Write surfaces must use ui.Password (v4.2.6+) — Panel UI input fields capturing the value MUST use ui.Password (or ui.Input(type="password")) so the browser renders <input type="password" autocomplete="new-password" spellcheck="false">. The Dev Portal Secrets tab and imperal-panel's SecretManagerCard both already comply. See ui.Password.


Dev-mode and pytest

When IMPERAL_DEV_MODE=true is set in your shell, ctx.secrets.get(name) reads IMPERAL_SECRET_<UPPER_NAME> from the environment instead of calling the auth-gateway. ctx.secrets.set/delete become no-ops with a WARN log.
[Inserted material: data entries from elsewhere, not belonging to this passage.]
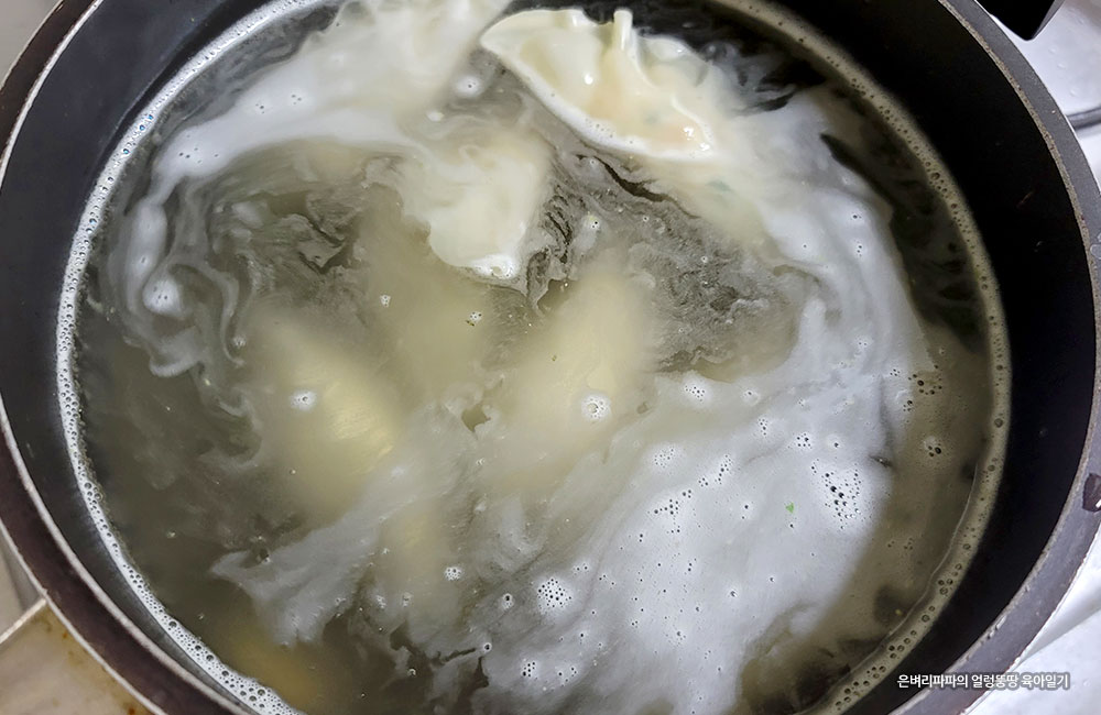 그대로 다시 끓기 시작하면, 냉동만두를 먼저 넣어 주세요.
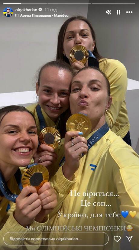 "Не віриться. Це сон. Україно, для тебе. Ми – олімпійські чемпіонки", – написала Харлан.
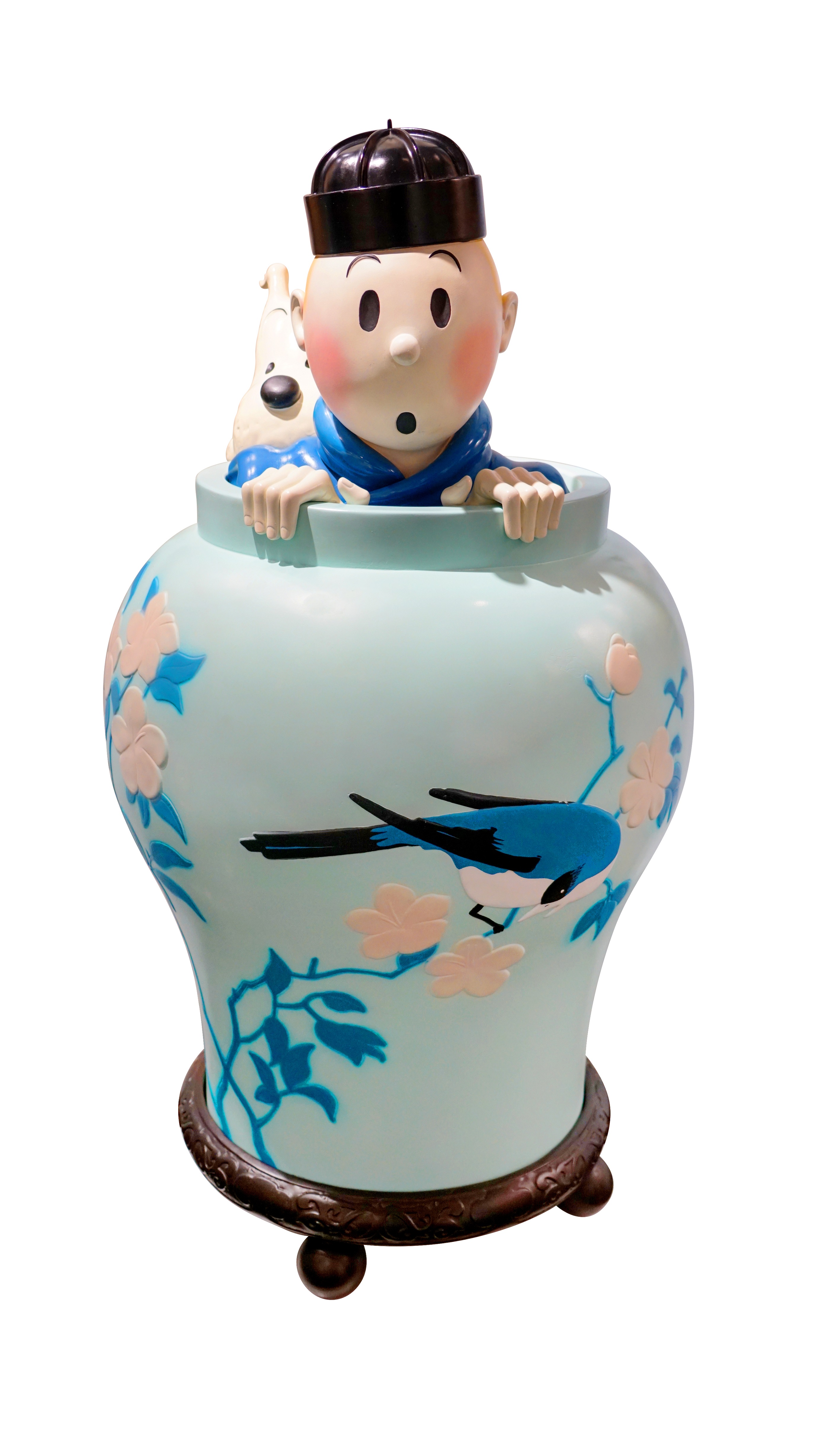 作品简介:由雕塑艺术家Jean-Marie Pigeon制作并亲笔签名的《丁丁历险记·蓝莲花》彩色石膏雕塑,这件作品,根据实际尺寸重现了丁丁系列作品中最具有传奇特色的画面:丁丁和米卢藏在一个大瓷花瓶里。作品全球只有4件,远渡重洋从巴黎运抵广州。
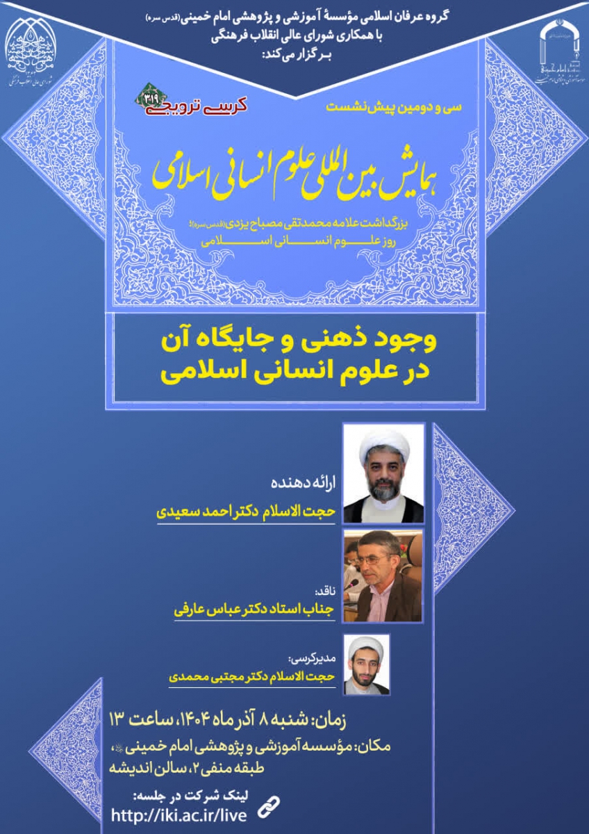 گروه عرفان اسلامی مؤسسه آموزشی و پژوهشی امام خمینی(ره) با همکاری شورای عالی انقلاب فرهنگی برگزار میکنند:

The manifest contract is still enforced — undeclared names still raise.

export IMPERAL_DEV_MODE=true
export IMPERAL_SECRET_SPOTIFY_API_KEY="sk-dev-test-key"
imperal dev

In pytest, inject MockSecretStore via a fixture:

import pytest
from imperal_sdk.testing import MockSecretStore

@pytest.fixture
def secrets():
    return MockSecretStore({"spotify_api_key": "sk-test"})

async def test_search(ctx_factory, secrets):
    ctx = ctx_factory(secrets=secrets)
    result = await search_my_library(ctx, query="test")
    assert "tracks" in result

Pass declared={"spotify_api_key", "spotify_refresh_token"} to MockSecretStore if you want it to mirror the SecretNotDeclaredError behaviour.


Exceptions

ExceptionRaised whenFederal invariant
SecretNotDeclaredErrorRuntime ctx.secrets.* call with name not in manifestI-SECRETS-CONTRACT-DECLARED
SecretWriteForbiddenctx.secrets.set(name) where manifest write_mode='user'
SecretVaultUnavailablePlatform KMS endpoint unavailableI-SECRETS-VAULT-DEPENDENCY
SecretValueTooLargeValue bytes > manifest max_bytes (client-side check before HTTP)
SecretDeclarationConflict@ext.secret called twice with the same name on one Extension

All exceptions are exported from imperal_sdk at the top level.


Common patterns

User pastes API key once

ext.secret(
    name="openai_api_key",
    description="Your personal OpenAI API key (sk-proj-... format).",
    required=True,
    write_mode="user",
    max_bytes=200,
)(lambda: None)

User goes to Panel → your extension's settings → secrets → enters key → done. Your handler reads it on every invocation.

OAuth refresh — extension writes after authorize

ext.secret(
    name="github_refresh_token",
    description="GitHub OAuth refresh token (written by extension after authorize flow).",
    write_mode="extension",
    rotation_hint_days=180,
)(lambda: None)

@chat.function
async def github_auth_complete(ctx, code: str):
    tokens = await _exchange_code(code)
    await ctx.secrets.set("github_refresh_token", tokens["refresh_token"])
    await ctx.secrets.set("github_access_token", tokens["access_token"])

Webhook signing secret with rotation hint

ext.secret(
    name="stripe_webhook_signing_secret",
    description="Stripe webhook signing secret (whsec_...). Get it from Stripe Dashboard > Developers > Webhooks > Signing secret.",
    required=False,
    write_mode="user",
    max_bytes=200,
    rotation_hint_days=90,
)(lambda: None)

Federal contract — seven invariants

  1. I-SECRETS-USER-SCOPED — every read/write/delete is scoped to one user; cross-user access returns 403.
  2. I-SECRETS-NEVER-LOGGED — plaintext never appears in the audit ledger, journals, error responses, workflow event history, or backups; audit rows store value_length + sha256_prefix8 only.
  3. I-SECRETS-EXT-SCOPED — extension A cannot read extension B's secrets for the same user.
  4. I-SECRETS-VAULT-DEPENDENCY — platform KMS downtime → fail-closed; no fallback decryption, no plaintext cache.
  5. I-SECRETS-AUDIT-FOREVER — every operation writes an audit row with retention_class='security_forever' (survives retention purges).
  6. I-SECRETS-HANDLER-SCOPE-MEMORY — plaintext lives only inside one handler call's stack; SDK keeps no cache between calls.
  7. I-SECRETS-CONTRACT-DECLARED — manifest is the single source of truth; reading an undeclared name raises at runtime.